◆ PROBLEM TO SOLVE: Could you return each line of the material that has "रकरण" in it?

◆ MATERIAL PROVIDED:
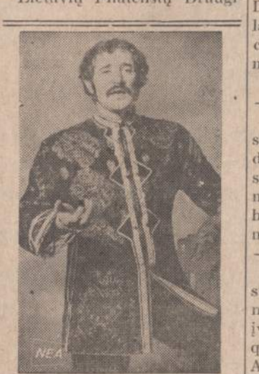
Artistas Richard Harris pasisūvo pavėlske matomą šilkinį švarką, kurį rengiasi nešioti net ir nevaldinimo metu.
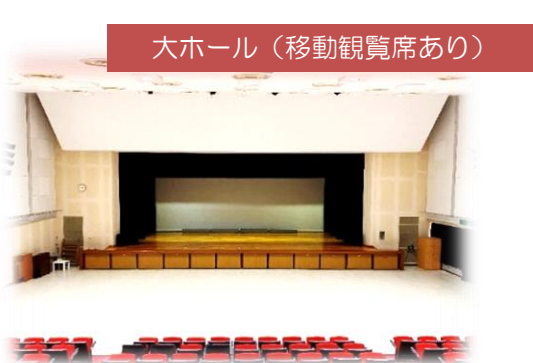
大ホール（移動観覧席あり）
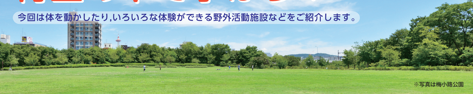
※写真は梅小路公園
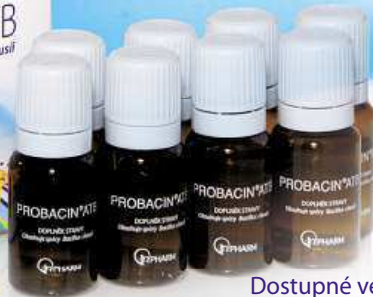
Dostupné ve všech lékárnách a na www.samoleceni.cz

vysoká odolnost vůči širokému spektru antibiotik pro děti od 6 měsíců a dospělé
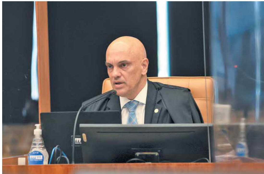
Moraes terá como missão evitar a disseminação de fake news durante a eleição

“A sucessão democrática no exercício dos cargos mais elevados da República, sem percalço com obediência às regras já conhecidas de todo e qualquer certame, seja no âmbito
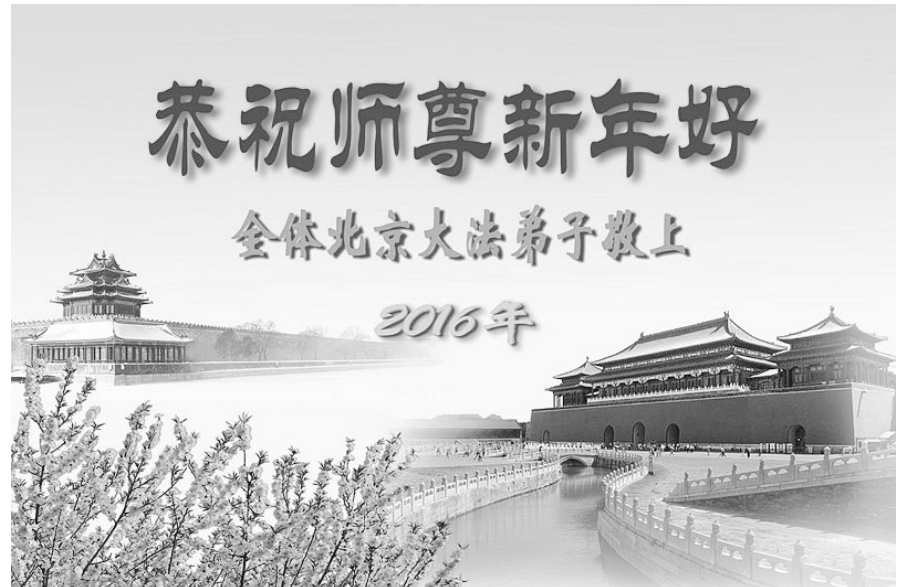
全体北京法轮功学员恭祝李洪志大师新年好！

山东省日照市一位老人对法轮功学员千叮万嘱，一定要代她向慈悲伟大的李老师表达谢意，感谢李老师的救命之恩！携全家向李老师叩首！祝李老师新年快乐！◇
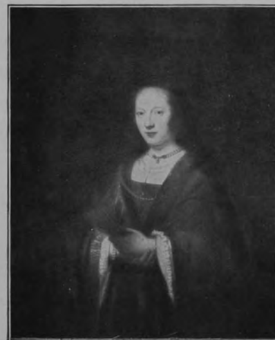
29256 REMBRANDT VAN RIJN.
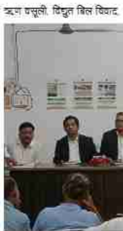
अम संबंधी मामले, एच अन्य सिधिल प्र ति के प्रकरणों को प्राम्भिकता देने की बात कही

अदालत न्यायिक व्यवस्था का एक ऐसा सशक्त माध्यम है, जिससे जनता को त्वरित, सस्ता और सौहार्दपूर्ण न्याय प्राप्त होता है। यह वैकल्पिक विवाद समाधान प्रणाली का एक सफल रूप है, जिससे न्यायालयों पर बोझ कम होता है और न्याय प्रक्रिया में दिबास बढ़ता है। उन्होंने कहा कि लोक अदालत में वे ही वाद शामिल किए जाएं जिनमें समझौते की प्रवृत्त संभावना हो। इसके लिए प्रत्येक न्यायिक अधिकारी को निर्देशित किया गया कि वे अपने न्यायालय में त्वरित व विचारणीय मामलों की चुर्की तैयार करें और उनमें से उपयुक्त प्रकरणों का चयन करें। विशेष रूप से घेक बाउंस पारिवारिक विवाद, वाहन दुर्घटना दावे, बैंक

◆ REPLY TO THE TASK:
अम संबंधी मामले, एच अन्य सिधिल प्र ति के प्रकरणों को प्राम्भिकता देने की बात कही
अदालत न्यायिक व्यवस्था का एक ऐसा सशक्त माध्यम है, जिससे जनता को त्वरित, सस्ता और सौहार्दपूर्ण न्याय प्राप्त होता है। यह वैकल्पिक विवाद समाधान प्रणाली का एक सफल रूप है, जिससे न्यायालयों पर बोझ कम होता है और न्याय प्रक्रिया में दिबास बढ़ता है। उन्होंने कहा कि लोक अदालत में वे ही वाद शामिल किए जाएं जिनमें समझौते की प्रवृत्त संभावना हो। इसके लिए प्रत्येक न्यायिक अधिकारी को निर्देशित किया गया कि वे अपने न्यायालय में त्वरित व विचारणीय मामलों की चुर्की तैयार करें और उनमें से उपयुक्त प्रकरणों का चयन करें। विशेष रूप से घेक बाउंस पारिवारिक विवाद, वाहन दुर्घटना दावे, बैंक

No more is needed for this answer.